Getting out in front of the CBC newsmagazine The Fifth Estate that is expected to air a documentary on Friday that calls into question whether or not she is an Indigenous individual, Sainte Marie on Thursday issued a statement that explains the “truth” as she knows it.
While the CBC documentary reportedly does not name her directly, Sainte-Marie says she was interviewed last month. In the interview she was asked about her Indigenous ancestry and to discuss her childhood sexual assault.
“It is with great sadness, and a heavy heart, that I am forced to respond to deeply hurtful allegations that I expect will be reported in the media soon,” Sainte-Marie wrote in a personal statement.
According to her biography, Sainte-Marie was born on a Piapot Cree reserve in 1941 in Saskatchewan, Canada. She reportedly was one of tens of thousands of Native children taken from their homes and placed with white families, which was part of the Canadian government’s policy called the Sixties Scoop.
She was adopted by a white family in New England where she was raised.
In her statement released Thursday, Sainte-Marie writes:
“What I know about my Indigenous ancestry I learned from my growing up mother, who was part Mi’kmaq, and my own research later in life. My mother told me many things, including that I was adopted and that I was Native, but there was no documentation as was common for Indigenous children born in the 1940s.”
"This is my truth. And while there are many things I do not know; I have been proud to honestly share my story throughout my life.
Painfully, the CBC has also forced me to relive and defend my experience as a survivor of sexual abuse which I endured at the hands of my brother, as well as another family member — whom I have never publicly named.
I could never forget these violations. It is something I have lived with all my life. Speaking about my experience is difficult, and although I have shared privately, I have rarely done so publicly. I’ve spoken up because I know others cannot, and to have this questioned and sensationalized by Canada’s public broadcaster is appalling."
To conclude, Sainte-Marie writes:
"I may not know where I was born, but I know who I am."
"We spent our entire lives together with Buffy as a family, decades together, and we will continue to love and support one another.
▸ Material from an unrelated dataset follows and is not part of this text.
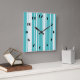 Relógio de Parede Personalizado com um padrão de listras brancas e turquesa e uma face do relógio de fontes da Broadway.

She has been committed to our family and community and has worked tirelessly to inspire, support, uplift our family, and share our community knowledge and ways and those of other Indigenous Peoples all over the world.
We grew up knowing that Buffy and our grandparents [Emile and Clara Starblanket Piapot] adopted each other and how deeply committed and loving they were to one another. We heard from an older family about how my grandmother cried when she had to leave after an extended family visit to our homelands or after the powwow.
Buffy is our family. We chose her and she chose us. We claim her as a member of our family and all of our family members are from the Piapot First Nation. To us, that holds far more weight than any paper documentation or colonial record keeping ever could."
Sainte-Marie released her first album, It’s May Way!, in 1964.
Sainte-Marie became an activist during the Red Power movement, which gave voice to Native American concerns and issues. Her artistry, humanitarian efforts, and Indigenous leadership have made a positive impact for decades.
Through the decades, Sainte-Marie has garnered numerous awards, including an Oscar and a Golden Globe Award in 1983 for co-writing the hit song Up to Where We Belong. In 2015, she won the Polaris Music Prize for Power in the Blood.
In early August, she announced her retirement from touring.